Towards Optimal Semantic Communications: Reconsidering the Role of Semantic Feature Channels
Yongjeong Oh, Jihong Park, Jinho Choi, Yo-Seb Jeon
TL;DR
The paper reframes semantic communications as an encoder–SF channel–decoder pipeline and shows that the SF channel is configurable via transmission strategies, not fixed. It provides analytical results for Gaussian sources with linear enc–dec, showing the optimal SF channel prioritizes low-noise transmission for high-variance features and connects to the rate–distortion bound as dimensionality grows. It then develops an end-to-end training framework to jointly optimize non-linear enc–dec and the SF channel for both analog and digital SC, using a mutual information constraint I( z ; ẑ ) ≤ C (analog) or I( b ; b̂ ) ≤ C (digital) and a mean-field decomposition for tractability. Finally, it introduces PHY calibration methods to realize the trained SF channel in practice, including single-user analog and multi-user digital scenarios, demonstrating superior task performance across diverse environments. Collectively, the work delivers theoretical, algorithmic, and practical tooling to realize more efficient, robust semantic communications in real wireless systems.
Abstract
This paper investigates the optimization of transmitting the encoder outputs, termed semantic features (SFs), in semantic communication (SC).
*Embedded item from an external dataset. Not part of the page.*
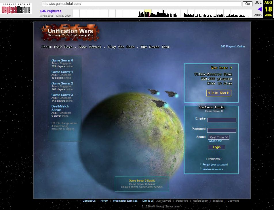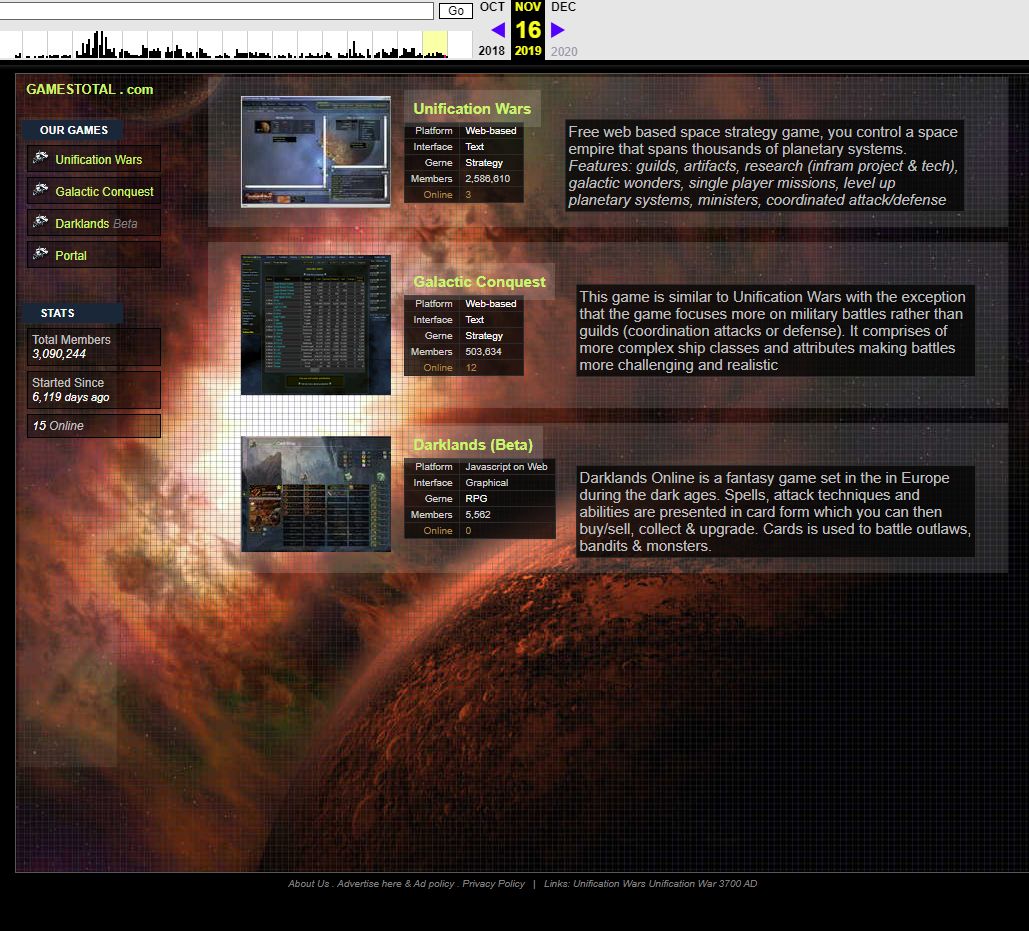 Unification Wars Game under Gamestotal with more than 2.5 million players

We begin by modeling the entire communication process from the encoder output to the decoder input, encompassing the physical channel and all transceiver operations, as the SF channel, thereby establishing an encoder-SF channel-decoder pipeline. In contrast to prior studies that assume a fixed SF channel, we note that the SF channel is configurable, as its characteristics are shaped by various transmission and reception strategies, such as power allocation. Based on this observation, we formulate the SF channel optimization problem under a mutual information constraint between the SFs and their reconstructions, and analytically derive the optimal SF channel under a linear encoder-decoder structure and Gaussian source assumption. Building upon this theoretical foundation, we propose a joint optimization framework for the encoder-decoder and SF channel, applicable to both analog and digital SCs. To realize the optimized SF channel, we also propose a physical-layer calibration strategy that enables real-time power control and adaptation to varying channel conditions. Simulation results demonstrate that the proposed SF channel optimization achieves superior task performance under various communication environments.